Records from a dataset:

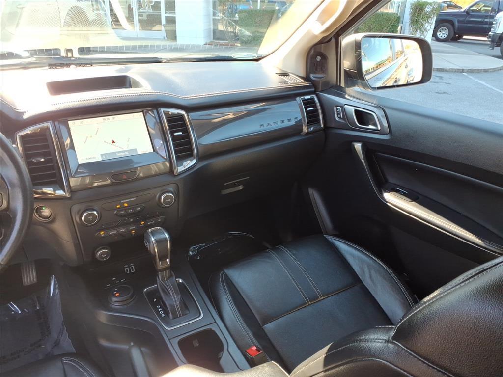 Vehicle DetailsDiscover exceptional value with this 2021 Ford Ranger LARIAT 4WD, located in Trenton, NC. Powered by a responsive 2.3L 4-cylinder gasoline engine, this Ford Ranger blends fuel-efficient performance with the capability you need for work or weekend adventures. The LARIAT trim adds premium comfort and technology, making every drive more enjoyable. Key features include factory Navigation for easy routing, Automatic Climate Control to keep the cabin comfortable, and a Back-Up Camera that enhances safety and parking confidence. Remote Start provides convenience on chilly mornings or hot afternoons, while Adaptive Cruise Control helps reduce driver fatigue on long highway stretches. The automatic transmission ensures smooth shifting and effortless driving in town or off the beaten path. This Ford Ranger LARIAT 4WD is offered at the best price in the area - a competitive value for a well-equipped midsize truck with low wear and dependable Ford engineering. Whether you tow, haul, or commute, this model provides versatility and modern tech features without the new-vehicle price tag. Located in Trenton, NC, this 2021 Ford Ranger LARIAT wont last long at this price. Contact us today to schedule a test drive or to get more details on financing and vehicle history. Secure this quality truck before its gone.EquipmentThis small pickup offers Automatic Climate Control for personalized comfort. This small pickup has automated speed control that adjusts to maintain a safe following distance, enhancing highway driving convenience. The installed navigation system will keep you on the right path. The rear parking assist technology on this model will put you at ease when reversing. The system alerts you as you get closer to an obstruction. This Ford Ranger offers Apple CarPlay for seamless connectivity. Our dealership has already run the CARFAX report and it is clean. A clean CARFAX is a great asset for resale value in the future. This small pickup comes equipped with Android Auto for seamless smartphone integration on the road. This vehicle warns of approaching vehicles with Cross-Traffic Alert. The leather seats in this vehicle are a must for buyers looking for comfort, durability, and style. Bluetooth technology is built into it, keeping your hands on the steering wheel and your focus on the road.PackagesLariat Sport Appearance Package: Sport Box Decal; Black Grille with Magnetic Surround and Bars; Black Whe
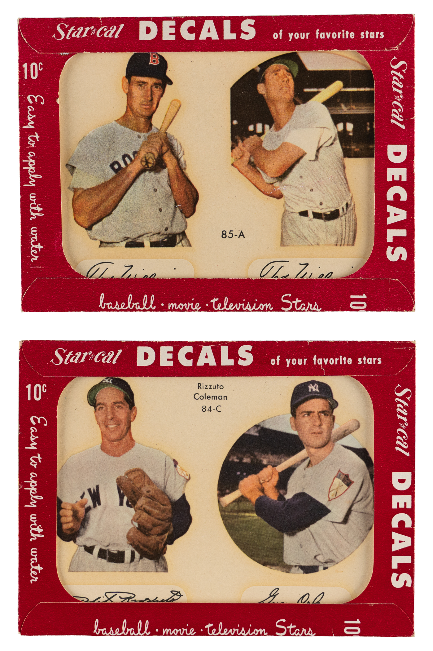 Nifty pair of 1952 Star-Cal Decals Type 2 singles in their original envelopes. Includes: 1.) #84-C Rizzuto/Coleman (EX-MT) and 2.) #85-A T. Williams (EX-MT).
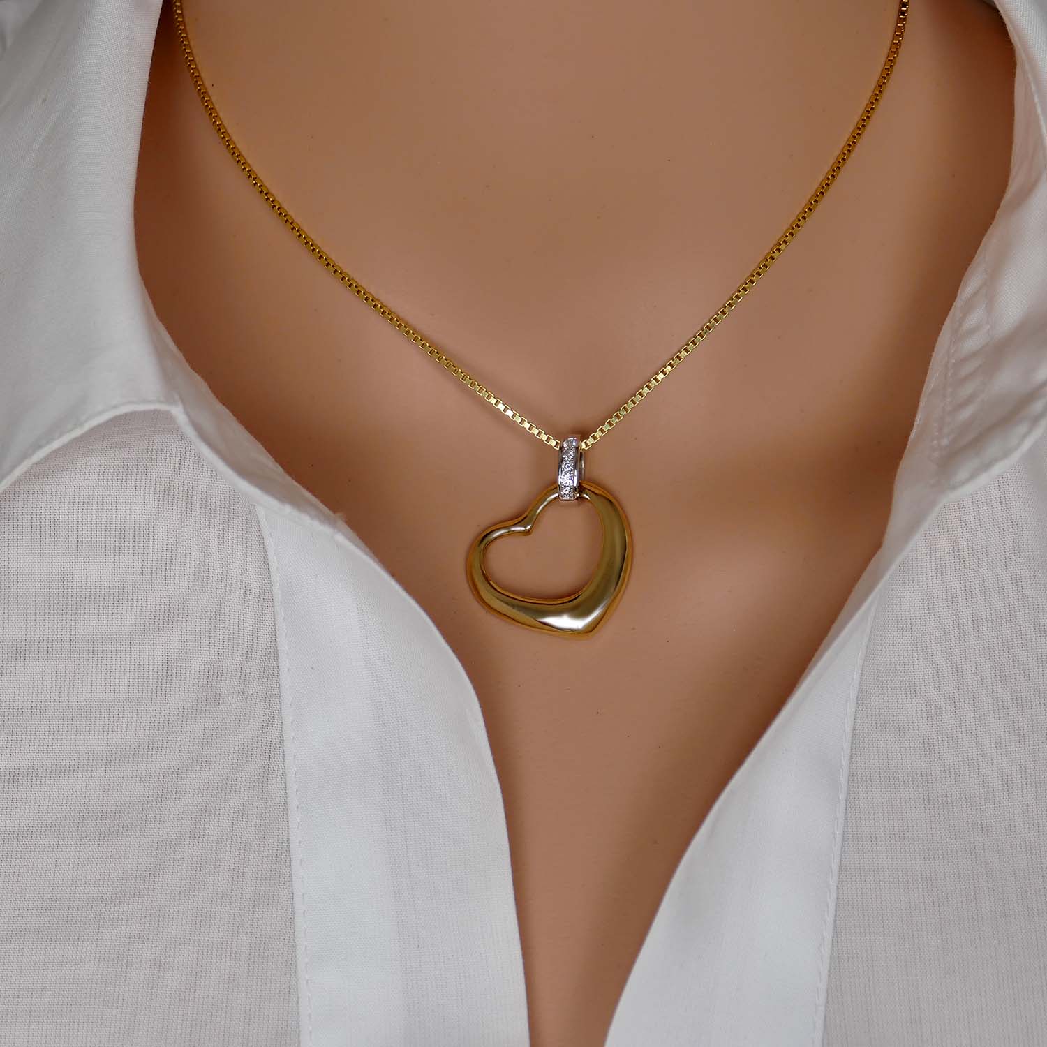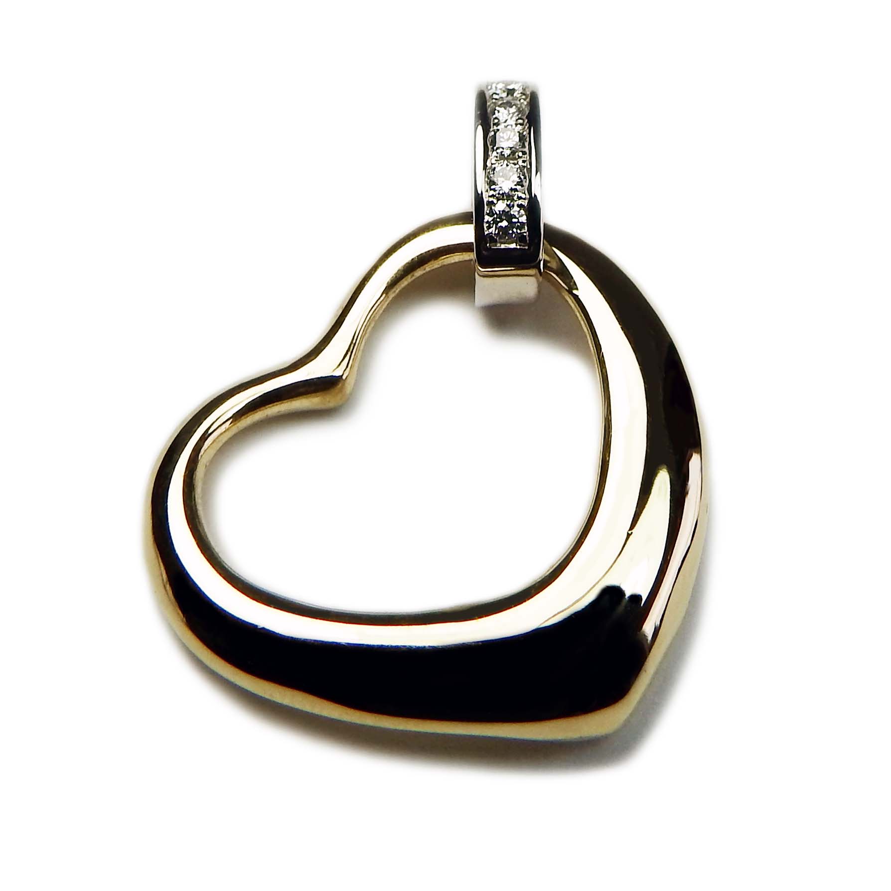 Ein hochwertiger Herz-Anhänger aus unserer Goldschmiede. Der massive Anhänger wurde in Gelbgold und Weißgold 585/000 gearbeitet. Die mit fünf Brillanten im Verschnitt ausgefasst Weißgoldöse ist auf dem Herz frei beweglich. Die Brillanten haben ein Gesamtgewicht von 0,10 ct.und eine sehr schöne Farbe (top wesselton) und Reinheit (si).
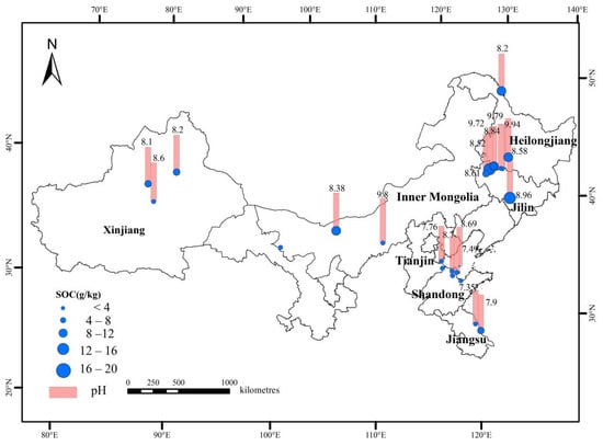 At present, domestic research on soil organic carbon in saline-alkali land are mainly concentrated in Xinjiang, Inner Mongolia, Heilongjiang, Jilin, Tianjin, Shandong and Jiangsu Province. The vegetation types included alpine meadow, plain desert grassland, mountain meadow grassland and mountain grassland. The soil types included chestnut soil, grey desert soil, black soil, chernozem soil and soda saline-alkali soil (Figure 1). Heilongjiang Province and Jilin Province had the highest soil salt and alkali content, with a pH range of 8.84–9.94, and the highest SOC content (3.05–17.8 g/kg).
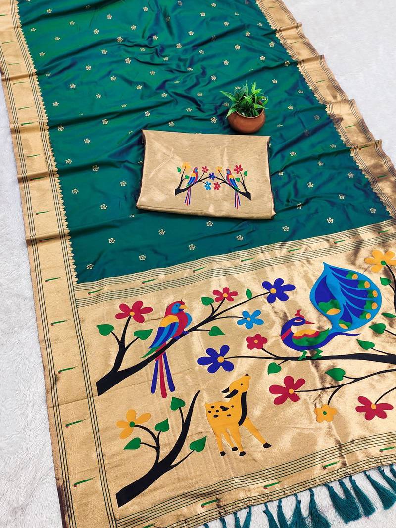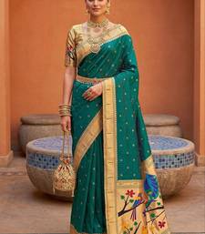 Rama faux banarasi silk saree with paithani rich weaved pallu and blouse
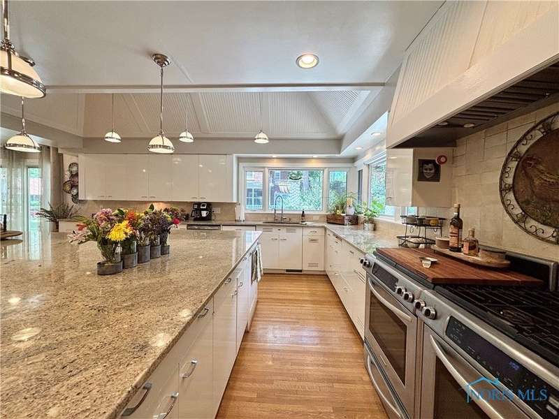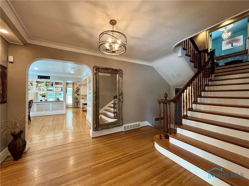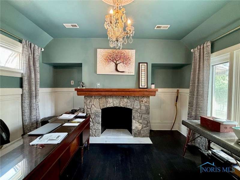 Old world charm w/ modern conveniences! This beautiful home includes an office w/ a fireplace, formal dining, 1st floor laundry, kitchen w/ pantry, finished basement, 4 beds, w/ potential 5th, and a living room / family room features a pass-through fireplace. The stunning kitchen has an island that was built for gatherings. Sunroom on main floor. Primary bed has walk-in closet w/ built-in vanity. Original hardwood and heated travertine floors. Irrigation system. Newer roof. The den has ventilation that can be used for a cigar lounge. Located on a double lot and close to the Maumee River.
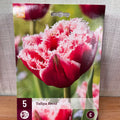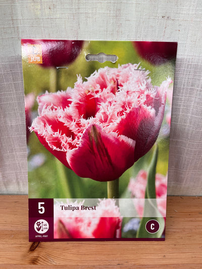 La tulipe Brest charme par ses fleurs doubles aux teintes éclatantes de rouge et de blanc, offrant un contraste spectaculaire.
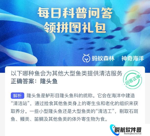 以下哪种鱼会为其他大型鱼类提供清洁服务?【神奇海洋】11月6日新题目已开答!正确答案现已公布,点击领取拼图,一起为修复海洋生态贡献力量!今日正确答案是:【隆头鱼】。隆头鱼是鲈形目隆头鱼科的统称。它会在海洋中建造“清洁站”,通过捡食其他鱼类身上的寄生虫和老化的组织来获取养分。

(ASSIGNMENT): Give the records above again verbatim, pictures omitted.

(ANSWER BOX):
 Vehicle DetailsDiscover exceptional value with this 2021 Ford Ranger LARIAT 4WD, located in Trenton, NC. Powered by a responsive 2.3L 4-cylinder gasoline engine, this Ford Ranger blends fuel-efficient performance with the capability you need for work or weekend adventures. The LARIAT trim adds premium comfort and technology, making every drive more enjoyable. Key features include factory Navigation for easy routing, Automatic Climate Control to keep the cabin comfortable, and a Back-Up Camera that enhances safety and parking confidence. Remote Start provides convenience on chilly mornings or hot afternoons, while Adaptive Cruise Control helps reduce driver fatigue on long highway stretches. The automatic transmission ensures smooth shifting and effortless driving in town or off the beaten path. This Ford Ranger LARIAT 4WD is offered at the best price in the area - a competitive value for a well-equipped midsize truck with low wear and dependable Ford engineering. Whether you tow, haul, or commute, this model provides versatility and modern tech features without the new-vehicle price tag. Located in Trenton, NC, this 2021 Ford Ranger LARIAT wont last long at this price. Contact us today to schedule a test drive or to get more details on financing and vehicle history. Secure this quality truck before its gone.EquipmentThis small pickup offers Automatic Climate Control for personalized comfort. This small pickup has automated speed control that adjusts to maintain a safe following distance, enhancing highway driving convenience. The installed navigation system will keep you on the right path. The rear parking assist technology on this model will put you at ease when reversing. The system alerts you as you get closer to an obstruction. This Ford Ranger offers Apple CarPlay for seamless connectivity. Our dealership has already run the CARFAX report and it is clean. A clean CARFAX is a great asset for resale value in the future. This small pickup comes equipped with Android Auto for seamless smartphone integration on the road. This vehicle warns of approaching vehicles with Cross-Traffic Alert. The leather seats in this vehicle are a must for buyers looking for comfort, durability, and style. Bluetooth technology is built into it, keeping your hands on the steering wheel and your focus on the road.PackagesLariat Sport Appearance Package: Sport Box Decal; Black Grille with Magnetic Surround and Bars; Black Whe
 Nifty pair of 1952 Star-Cal Decals Type 2 singles in their original envelopes. Includes: 1.) #84-C Rizzuto/Coleman (EX-MT) and 2.) #85-A T. Williams (EX-MT).
 Ein hochwertiger Herz-Anhänger aus unserer Goldschmiede. Der massive Anhänger wurde in Gelbgold und Weißgold 585/000 gearbeitet. Die mit fünf Brillanten im Verschnitt ausgefasst Weißgoldöse ist auf dem Herz frei beweglich. Die Brillanten haben ein Gesamtgewicht von 0,10 ct.und eine sehr schöne Farbe (top wesselton) und Reinheit (si).
 At present, domestic research on soil organic carbon in saline-alkali land are mainly concentrated in Xinjiang, Inner Mongolia, Heilongjiang, Jilin, Tianjin, Shandong and Jiangsu Province. The vegetation types included alpine meadow, plain desert grassland, mountain meadow grassland and mountain grassland. The soil types included chestnut soil, grey desert soil, black soil, chernozem soil and soda saline-alkali soil (Figure 1). Heilongjiang Province and Jilin Province had the highest soil salt and alkali content, with a pH range of 8.84–9.94, and the highest SOC content (3.05–17.8 g/kg).
 Rama faux banarasi silk saree with paithani rich weaved pallu and blouse
 Old world charm w/ modern conveniences! This beautiful home includes an office w/ a fireplace, formal dining, 1st floor laundry, kitchen w/ pantry, finished basement, 4 beds, w/ potential 5th, and a living room / family room features a pass-through fireplace. The stunning kitchen has an island that was built for gatherings. Sunroom on main floor. Primary bed has walk-in closet w/ built-in vanity. Original hardwood and heated travertine floors. Irrigation system. Newer roof. The den has ventilation that can be used for a cigar lounge. Located on a double lot and close to the Maumee River.
 La tulipe Brest charme par ses fleurs doubles aux teintes éclatantes de rouge et de blanc, offrant un contraste spectaculaire.
 以下哪种鱼会为其他大型鱼类提供清洁服务?【神奇海洋】11月6日新题目已开答!正确答案现已公布,点击领取拼图,一起为修复海洋生态贡献力量!今日正确答案是:【隆头鱼】。隆头鱼是鲈形目隆头鱼科的统称。它会在海洋中建造“清洁站”,通过捡食其他鱼类身上的寄生虫和老化的组织来获取养分。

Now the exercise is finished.